5. A control method of a gas water heater according to claim 3, wherein the step of calculating according to a third preset calculation formula to obtain the current water point temperature tmaq 3 further comprises:

if yes, the circulating pump is closed to exit the preheating mode, and the current water point temperature Tuse 6 is obtained by calculation according to a sixth preset calculation formula, wherein the sixth preset calculation formula is Tuse 6=Tfall+ (1-k) x (Tfall-Tfall), the Tfall is the return water temperature after stopping preheating and a certain time interval, and the Tfall is the outlet water temperature after stopping preheating and a certain time interval;

if not, returning to calculate again according to a third preset calculation formula to obtain the current water point temperature Tuse 3.
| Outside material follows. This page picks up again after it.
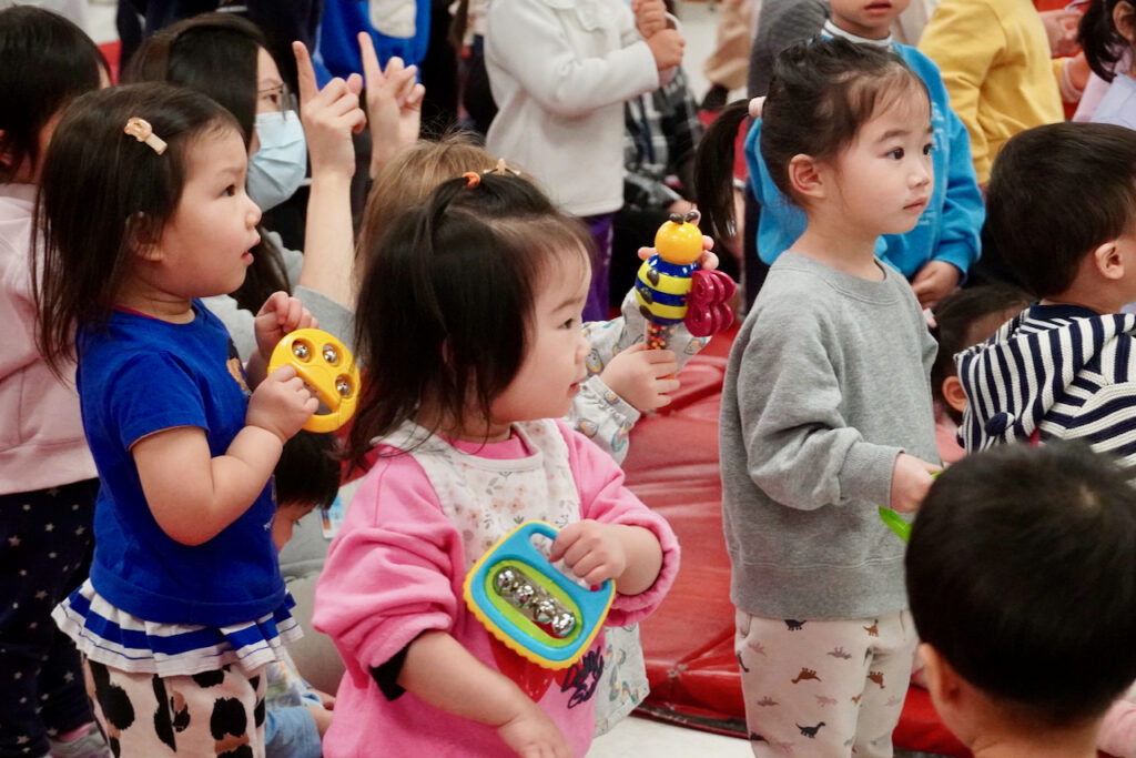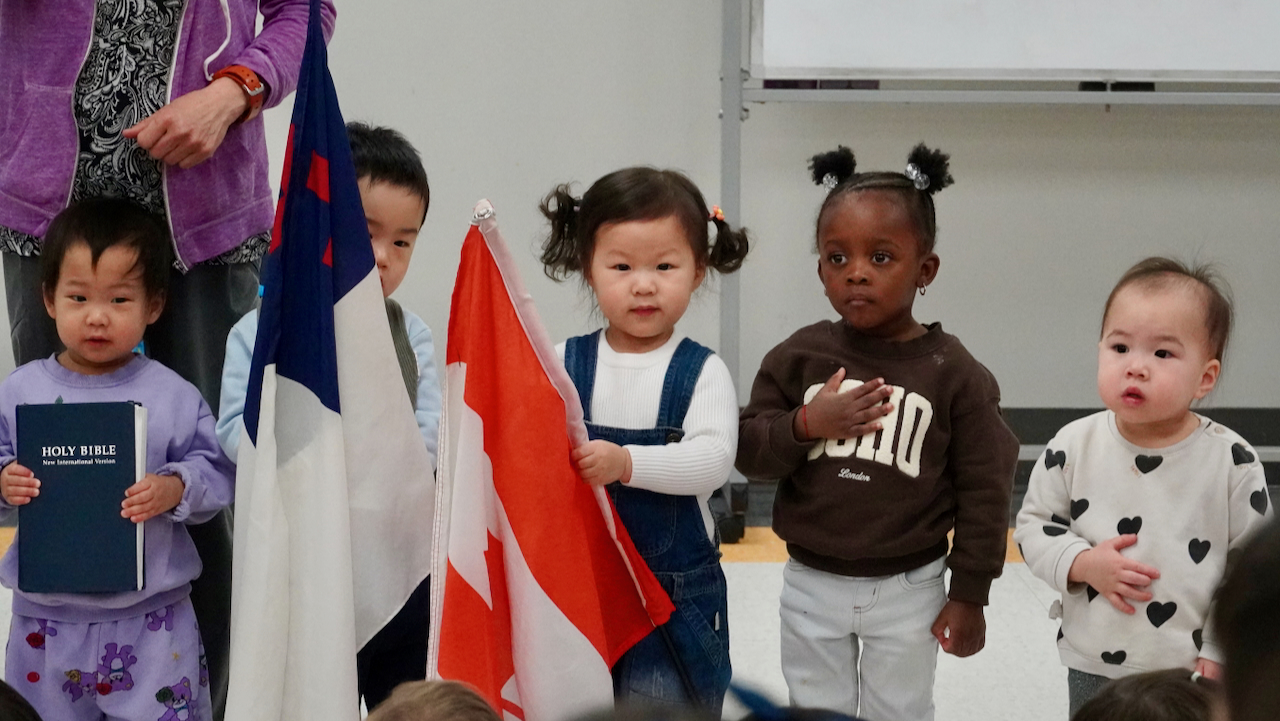The Toddler 1 class led this morning’s ELC chapel. After the pledges, O Canada and The Lord’s Prayer, Miss Atkins led a time of musical worship with two songs – “Arky Arky” and “He’s Able”. Many of the toddlers were given musical instruments and danced along to both songs!

6. The method according to any one of claims 1 to 5, further comprising a display disposed on the heat exchanger, the display being electrically connected to the controller for displaying the calculated current water temperature trending.

7. The method according to any one of claims 1 to 5, wherein the gas water heater further comprises a wireless communication module, and the controller is communicatively connected with an external intelligent terminal device through the wireless communication module to inform a user of the current water consumption point temperature tsui.